### PROBLEM TO WORK ON
Print the lines exactly. Start at the first line of the material below, end with the line that contains "TVEM April 25, 2025", and skip all pictures.

====

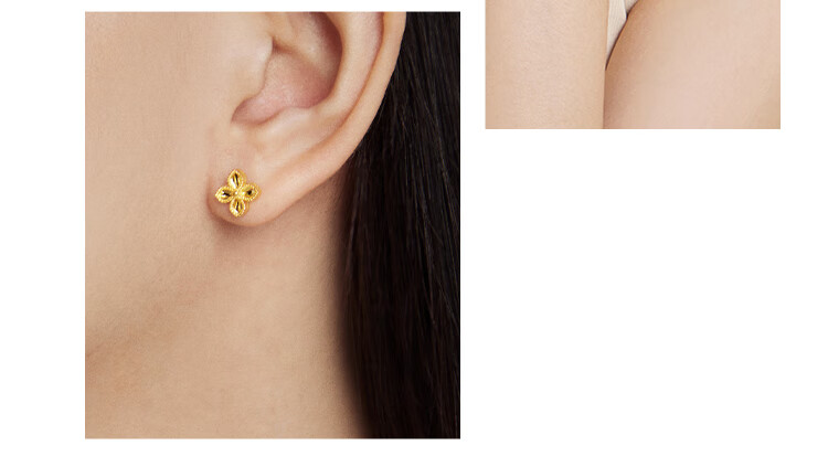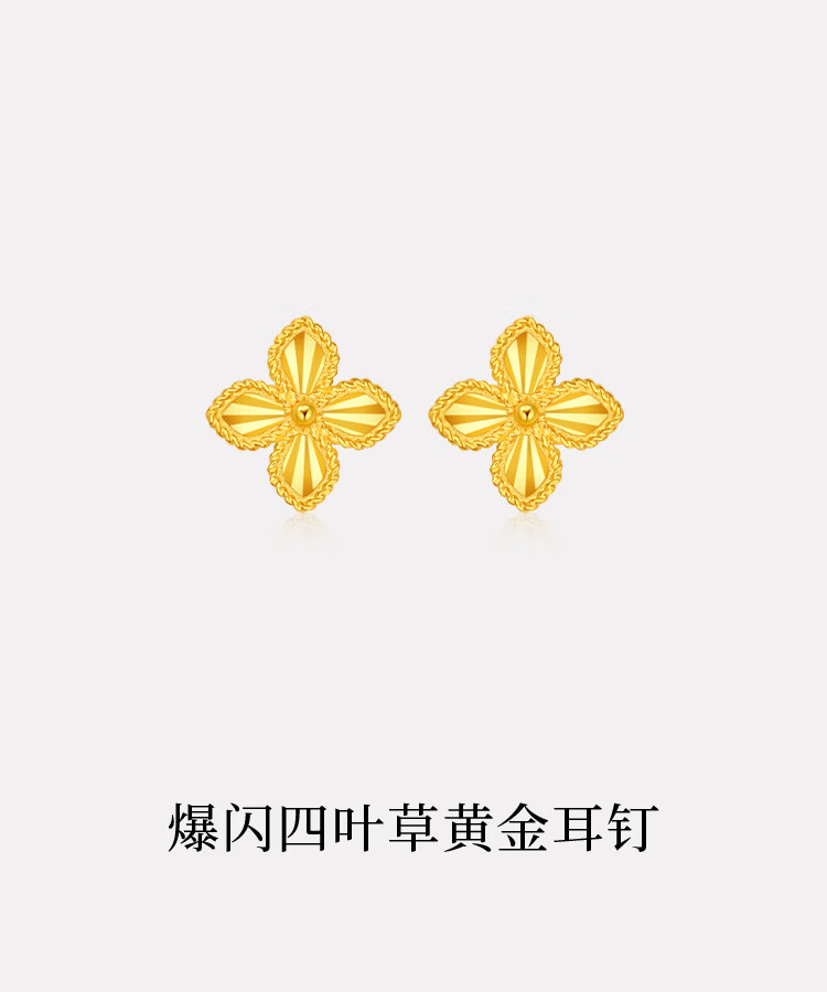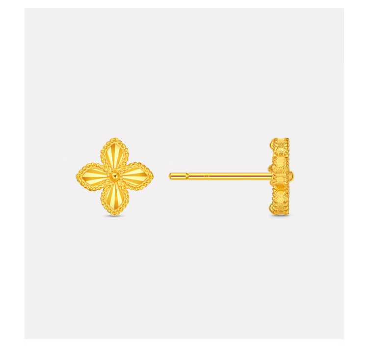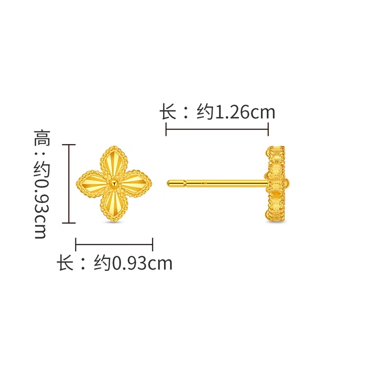 Chow Tai Fook four-leaf clover gold earrings for women pure gold earrings for girlfriend (labor cost 260) EOF1314 pure gold about 2.20g
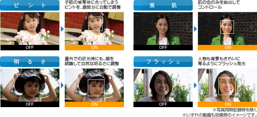 検出された顔部分の領域のビット配分を上げることにより、くっきりとした画質に自動で改善します。
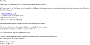 Nach erfolgter Registrierung und durchgeführter Einrichtung werden die Zugangsdaten für DISPONIC One dem angegebenen E-Mail-Adressaten von der Absende-Adresse nachunternehmer@disponic.de zugestellt.
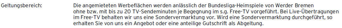 Bandenwerbung: Als Beispiel für Bandenwerbung habe ich leider auch nur von Werder Bremen ein aktuelles Beispiel im Internet gefunden. |
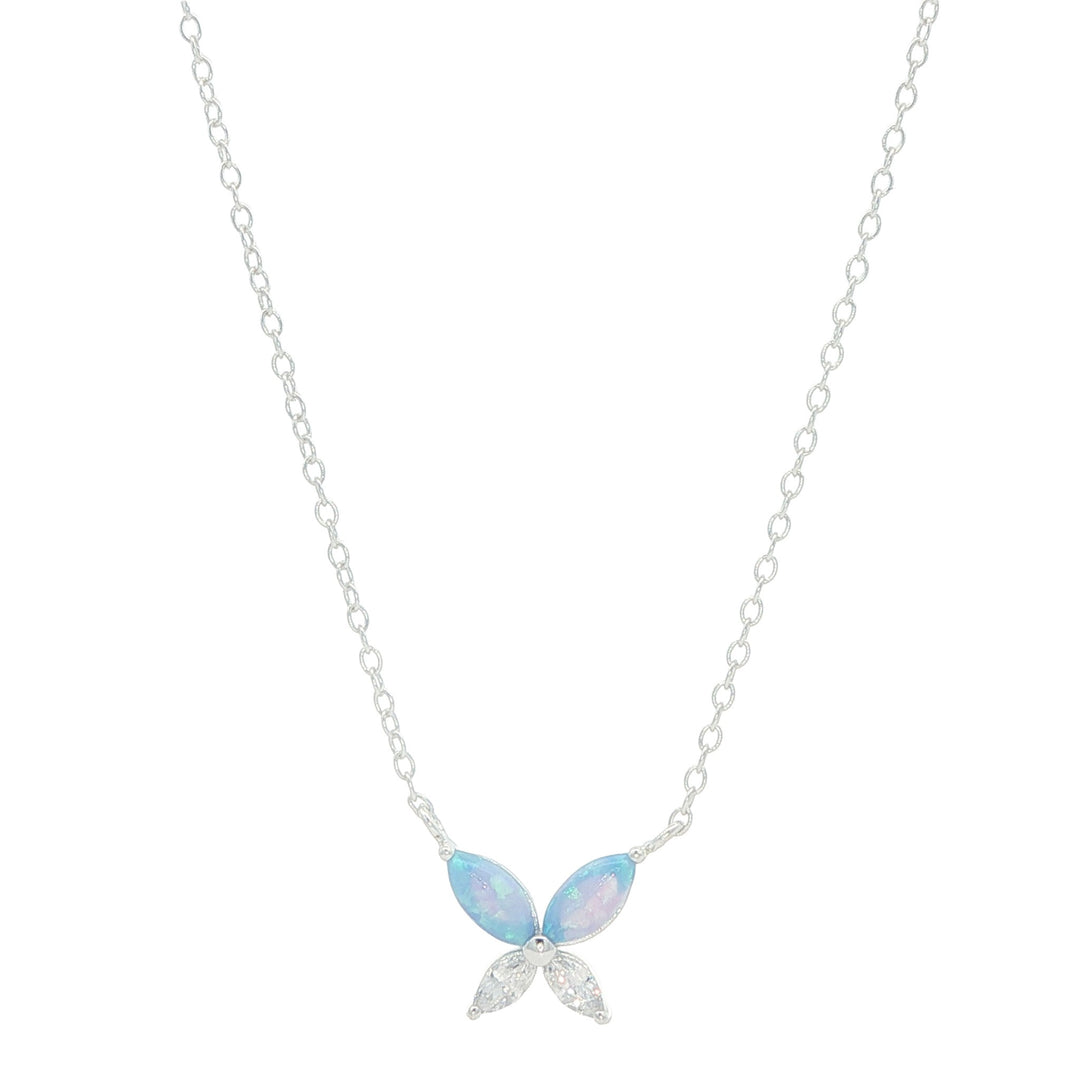 Sterling Silver Blue Opal CZ Butterfly 15+2" Necklace
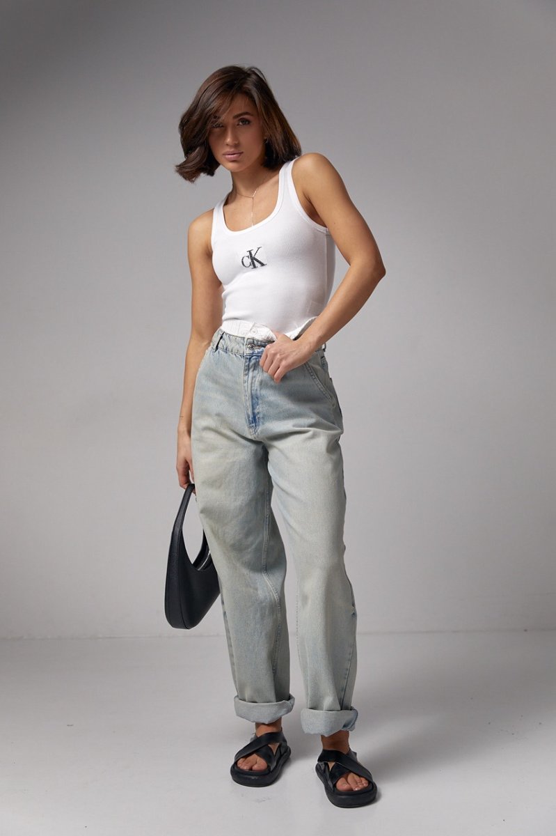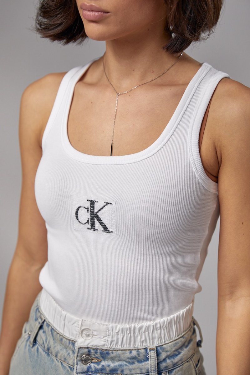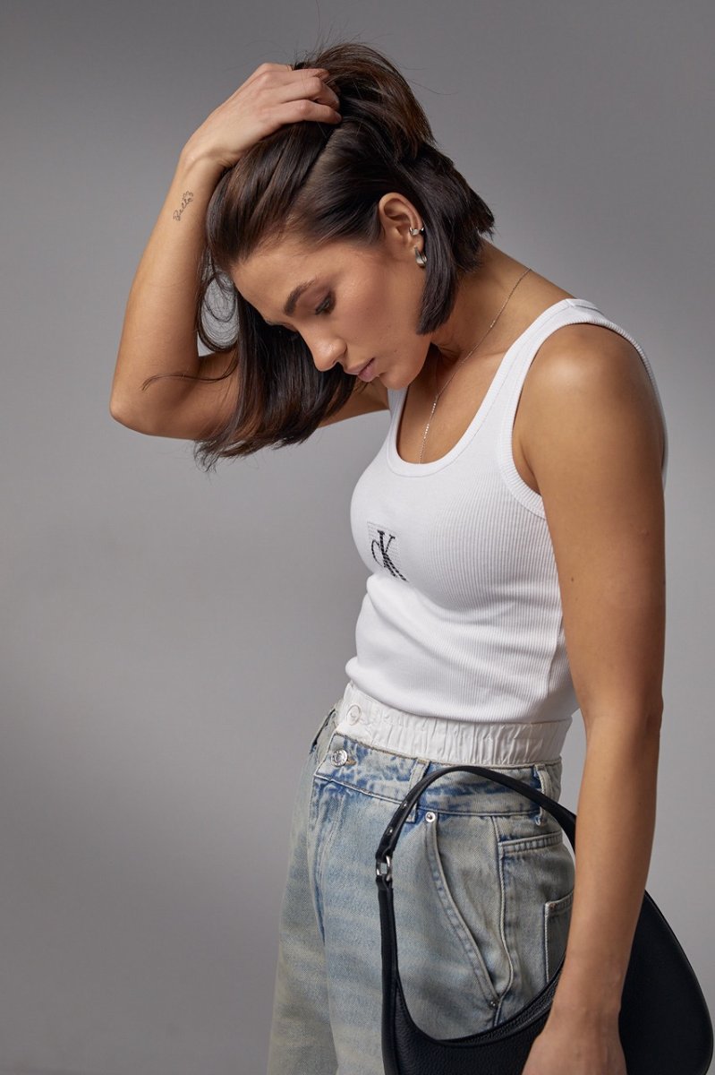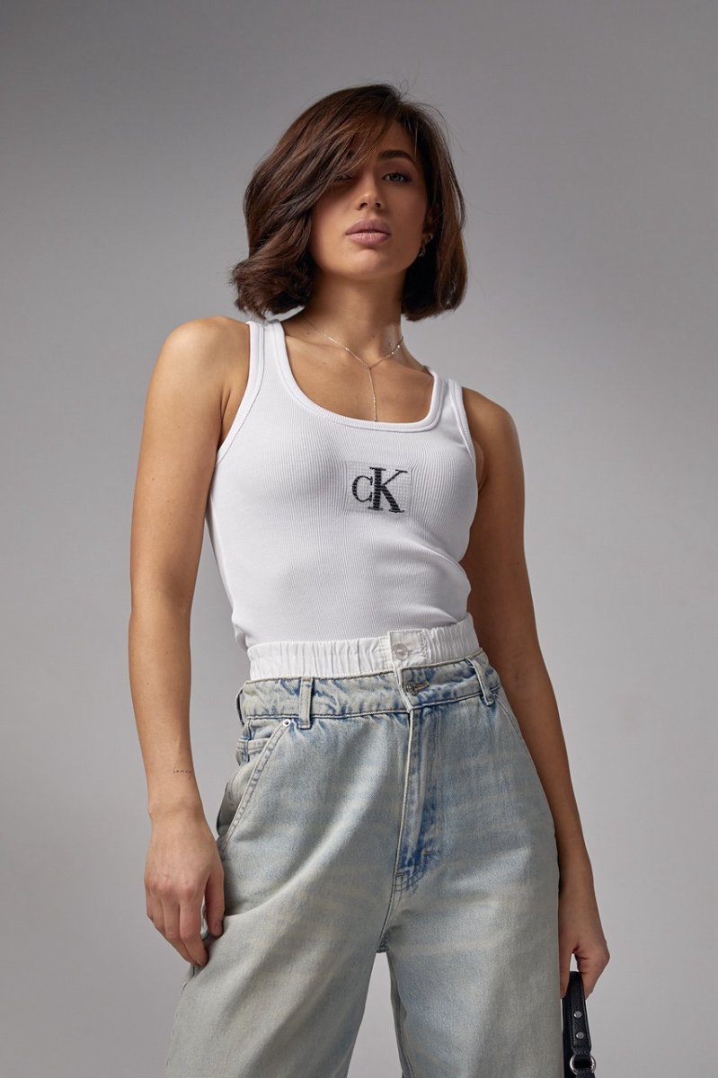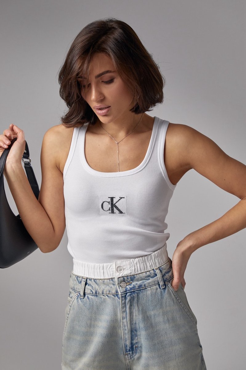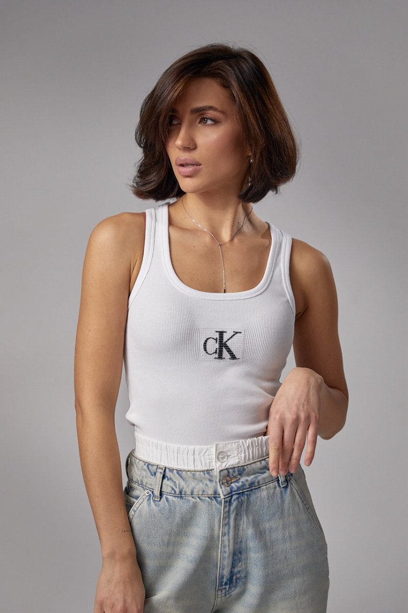 Эта модель на широких бретелях идет с прямыми краями внизу. Круглая горловина и проймы обшиты окантовкой в тон. Спереди майку украшают пайетки и вышитая надпись СК.
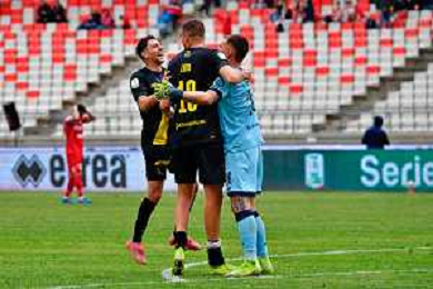 TVEM April 25, 2025 Bari, Italy - SSC Bari vs Modena FC 1912 - Italian soccer serie B 2024/25 - San Nicola Stadium. In the pic: Riccardo Gagno of Modena FC 1912 and Antonio Palumbo of Modena FC 1912 celebrates the victory ©TVEM Emmanuele Mastrodonato - AGENZIA ALDO LIVERANI SAS
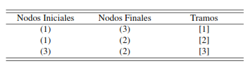 El sistema de ecuaciones se forma aplicando la ley de nodos y la ley de lazos, primeramente se busca en la lista de nodos la dirección de flujo en cada nodo, si el flujo sale del nodo se escribe - 1 en el arreglo en la celda correspondiente a la posición en la que se encuentre en la lista, y en caso contrario si entra el flujo al nodo se escribe +1 en dicha posición (Figura 13).
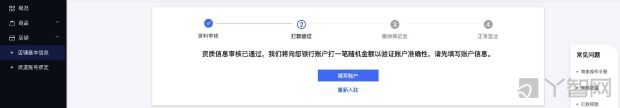 打款驗(yàn)證: 商家填寫(xiě)賬戶,根據(jù)個(gè)體工商戶商家的規(guī)則,填寫(xiě)賬戶信息(個(gè)體工商戶商家可選擇經(jīng)營(yíng)者及經(jīng)營(yíng)者個(gè)人銀行卡號(hào),或者營(yíng)業(yè)執(zhí)照名稱及名稱對(duì)公銀行卡號(hào)) 該賬號(hào)只用于驗(yàn)證,不用于結(jié)算。結(jié)算信息,請(qǐng)營(yíng)業(yè)后,在店鋪-支付方式設(shè)置中補(bǔ)充。
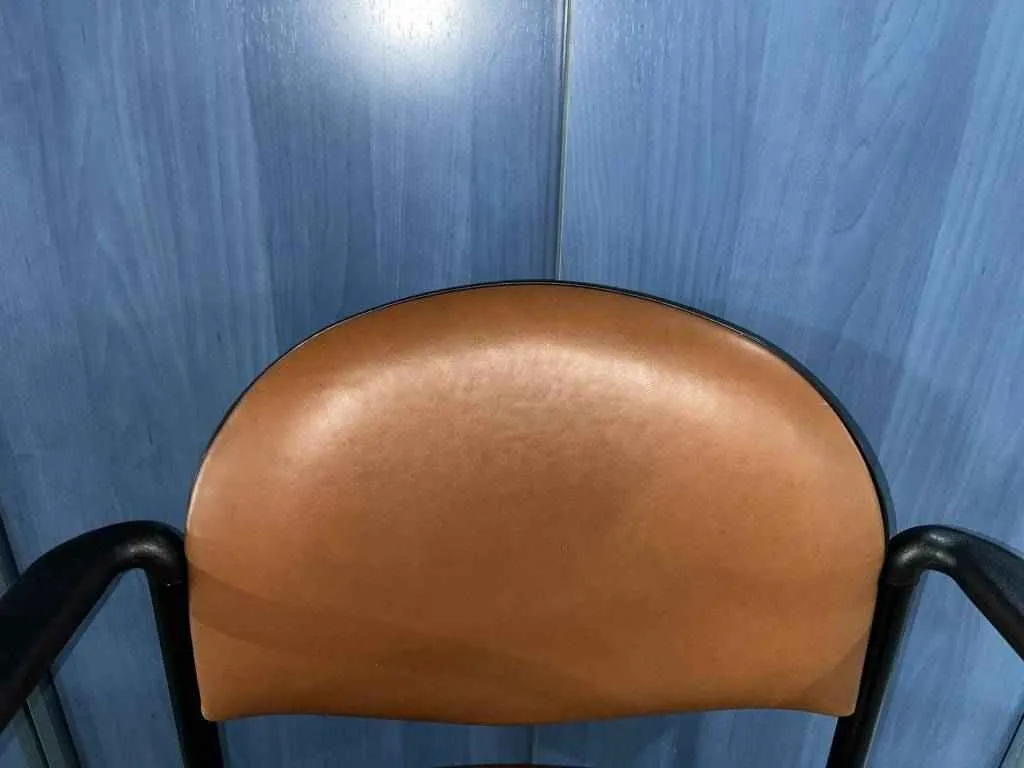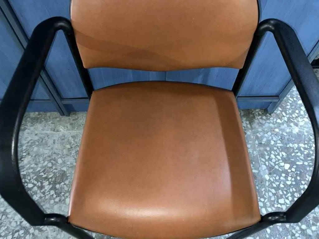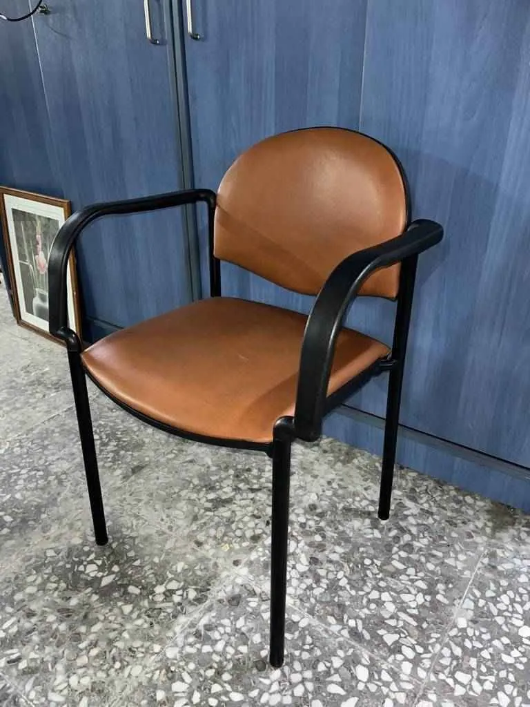 Silla de estilo clásico para oficina. La estructura principal la tiene hecha de metal robusta color negro y, además, dispone de reposabrazos en los laterales que la hacen muy cómoda. La parte del asiento y el respaldo es acolchada color marrón. Se trata de una silla muy cómoda y bien cuidada, ideal para colocar en oficinas o también en salas de espera.

====

### EXERCISE RESPONSE
 Chow Tai Fook four-leaf clover gold earrings for women pure gold earrings for girlfriend (labor cost 260) EOF1314 pure gold about 2.20g
 検出された顔部分の領域のビット配分を上げることにより、くっきりとした画質に自動で改善します。
 Nach erfolgter Registrierung und durchgeführter Einrichtung werden die Zugangsdaten für DISPONIC One dem angegebenen E-Mail-Adressaten von der Absende-Adresse nachunternehmer@disponic.de zugestellt.
 Bandenwerbung: Als Beispiel für Bandenwerbung habe ich leider auch nur von Werder Bremen ein aktuelles Beispiel im Internet gefunden. |
 Sterling Silver Blue Opal CZ Butterfly 15+2" Necklace
 Эта модель на широких бретелях идет с прямыми краями внизу. Круглая горловина и проймы обшиты окантовкой в тон. Спереди майку украшают пайетки и вышитая надпись СК.
 TVEM April 25, 2025 Bari, Italy - SSC Bari vs Modena FC 1912 - Italian soccer serie B 2024/25 - San Nicola Stadium. In the pic: Riccardo Gagno of Modena FC 1912 and Antonio Palumbo of Modena FC 1912 celebrates the victory ©TVEM Emmanuele Mastrodonato - AGENZIA ALDO LIVERANI SAS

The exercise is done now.